А теперь уже не мы одни, междуполярные жители, но самые низы готовы, по-видимому, отказаться от «внутренней свободы» безропотного и безграничного терпения… И пока будет устроен на земле рай полной свободы — они хотели бы раздвинуть и расширить свое теперешнее помещение, сломать ненужные, сгнившие постройки и — главное — почувствовать себя хоть до известной степени хозяевами в собственном доме.

VII

Я пишу не панегирик к юбилейному дню, а стараюсь только дать посильную характеристику гениального художника и крупного, искреннего, смелого человека. Толстой не нуждается в дифирамбах, а характеризовать его правильно, со всеми свойствами его выдающейся личности — значит дать образ, вызывающий восторг и удивление. Без указания же на отмеченные выше черты характеристика была бы не полна…

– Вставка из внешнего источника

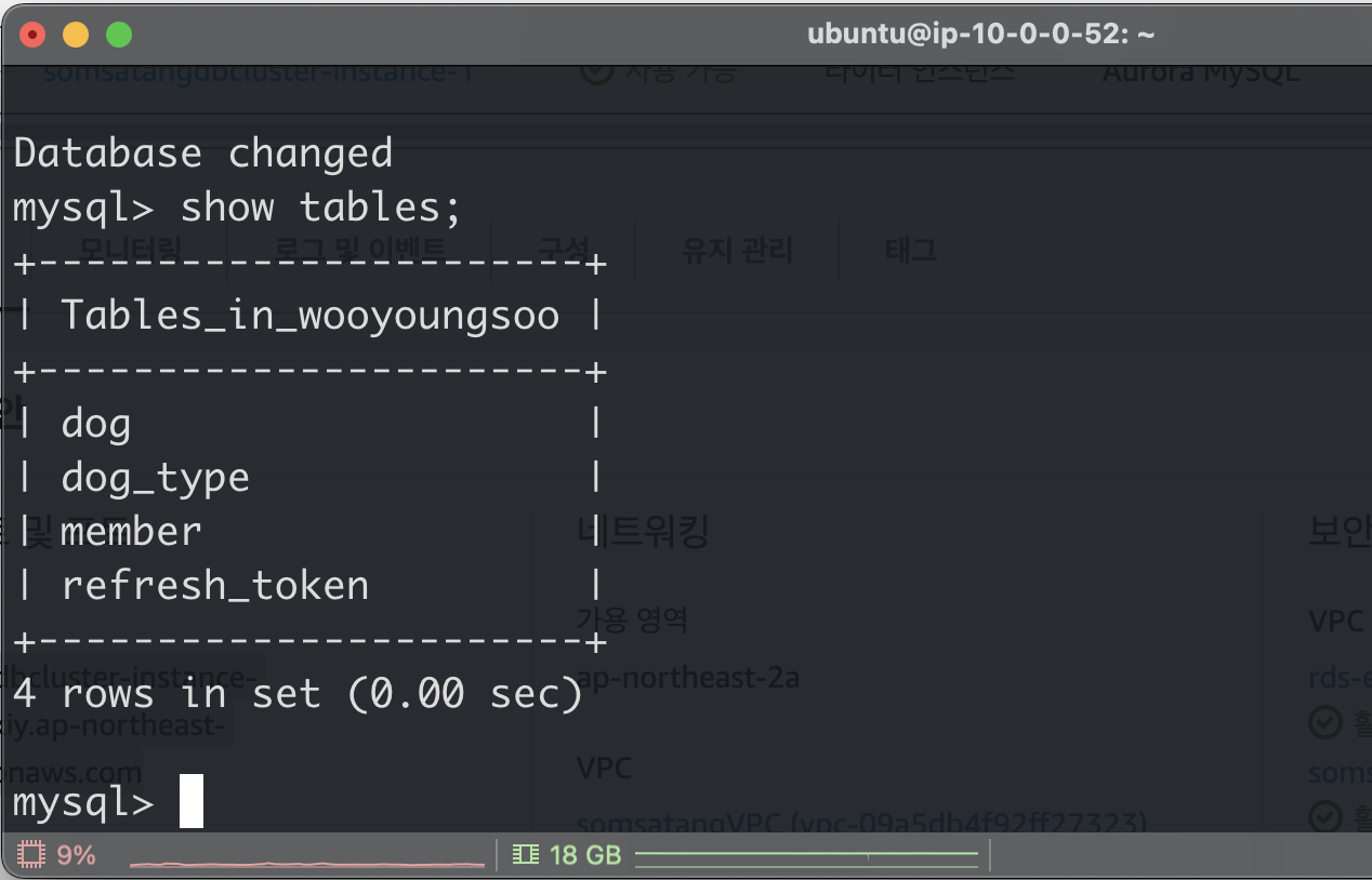 이렇게 하면 로컬에서 Private Subnet에 있는 RDS로 create등의 쿼리를 작성해 날릴 수 있다. 그러나 "얘를 로컬에서 돌리고 있는 스프링부트와 어떻게 연결하는가"가 숙제. 스프링부트에서 만들어지는 쿼리를 터미널에 인풋으로 주도록 내가 직접 구축을 해야 하나..? 그건 너무 에바같은데..

Но в той же толстовской мечте есть также источник его силы как беспощадного критика современного строя. Мы не можем последовать за Толстым в измечтанную им область. Но искренняя мечта всегда была отличным критерием действительности. Где теперь было бы человечество, если бы по временам действительность не вынуждалась стать перед судом мечты. Притом же нельзя забывать, что простые истины, вынесенные из первого века нашей эры, являются признанными, официально освещенными и закрепленными основами нашего строя. Это та формальная почва, которая является для современного государства источником его показной официальной морали. И в этой области выходец из первого века, со всей своей наивностью и даже благодаря ей, может сказать с большим авторитетом много живого и интересного.

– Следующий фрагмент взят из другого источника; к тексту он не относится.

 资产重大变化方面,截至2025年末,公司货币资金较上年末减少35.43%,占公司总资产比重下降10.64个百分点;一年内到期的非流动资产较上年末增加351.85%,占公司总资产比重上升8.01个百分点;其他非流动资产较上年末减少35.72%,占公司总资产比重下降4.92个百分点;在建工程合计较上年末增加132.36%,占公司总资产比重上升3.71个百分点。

И вот под влиянием своего чудного сновидения, в котором он сам слышал слова Учителя, — Толстой смотрит на нашу действительность и в изумлении протирает глаза при виде всего того, с чем когда-то так страстно мечтал примириться. Как? Так это христианство? Как? Это — общество, основанное на заветах Христа!.. Иудей первого века глубоко изумлен, а всякая изумленная фигура среди сутолоки будничной жизни невольно привлекает общее внимание, возбуждает и заражает…

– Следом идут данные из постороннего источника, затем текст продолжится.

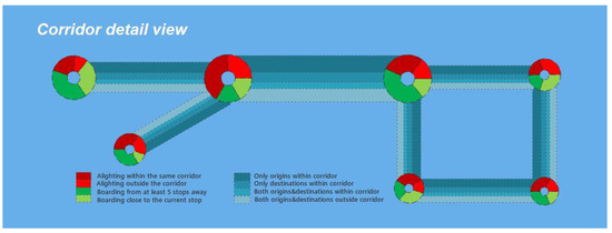 Users can select and observe details of a corridor (Figure 7). The layout of a corridor is simplified in a schematic form to retain only topological connections (similar to metro maps). The above-mentioned four types of trips are visualized for the selected corridor: each ribbon that connects two adjacent stops is divided into four components, and the width represents flow counts. Key stops within a corridor are depicted as rings, with red/green representing boarding/alighting counts. Passengers boarding at a stop are further categorized into two groups: those who will be alighting within the same corridor and those who will be alighting outside the corridor. The two groups are denoted by dark and light red, respectively. Similarly, passengers who alight at a stop are divided into two groups: “boarding from at least 5 stops away” and “boarding close to the current stop”. Dark- and light-green colors are used to denote the two groups. When selecting a particular corridor and observing its details in the corridor detail view, users can conduct local pattern exploration task 1 to fetch boarding, alighting, origin, and destination information in a compact visualization form.

Отсюда изумительное искусство Толстого говорить общеизвестные истины. Да, именно общеизвестные истины говорить очень трудно, то есть говорить так, чтобы они приобретали свежесть, оригинальность и жизнь, а именно в этом особенно нуждается наша современность. Мы, образованные люди, знаем очень много, но в нашей жизни сделано очень мало из того, что для нас стало уже избитой, азбучной истиной. Отсюда — многое в нашей современной литературе и, между прочим, стремление к тому, «чего никогда не бывало». У нас — секут мужиков вповалку, иногда женщин и детей и старых почтенных стариков. Это позорно. И это незаконно. И об этом говорилось много раз. И говорилось как о вопиющем и позорном нарушении человеческого права, но… господа губернаторы продолжают свои упражнения давно — ив «мирное время» столь же свободно, как и во время смуты, любой петербургский пшют, очутившийся, благодаря протекции, в роли помпадура, приказывает разложить почтенного старика, который годится ему в прадеды, а в своем деле во сто раз умнее, чем помпадур в своем, и… в воздухе свищет лоза. Мы узнаем это и, если сможем, напечатаем негодующую статью, в стиле которой, однако, звучит скрытое уныние и скука: и погромче нас были витии… Ни для кого это, увы! — не новость.

Но вот в один прекрасный день в конце 80-х годов такой легковесный администратор в Орле отправляется в экспедицию и производит экзекуцию над мужиками. Конечно, все это сойдет ему благополучно… Однако через некоторое время откуда-то налетает вихрь, и карьера орловского помпадура разбита. Что же случилось? Ничего особенного. Только иудей первого века узнал об этом эпизоде и изумленно вскрикнул, что это не по-христиански. Но разве мы все, сверху донизу, этого не знали? Разве это не общеизвестная истина? Да. Но Толстой, из глубины своего настроения иудея первого века, сумел сказать эту истину так, что она вновь потрясает не только готовое к негодованию «общество», но и тех, кто терпел, поощрял, даже награждал ретивых помпадуров за такие же мероприятия. Сказал Толстой… Это много. Но еще — сказал «иудей первого века христианской эры», — а это, пожалуй, еще больше.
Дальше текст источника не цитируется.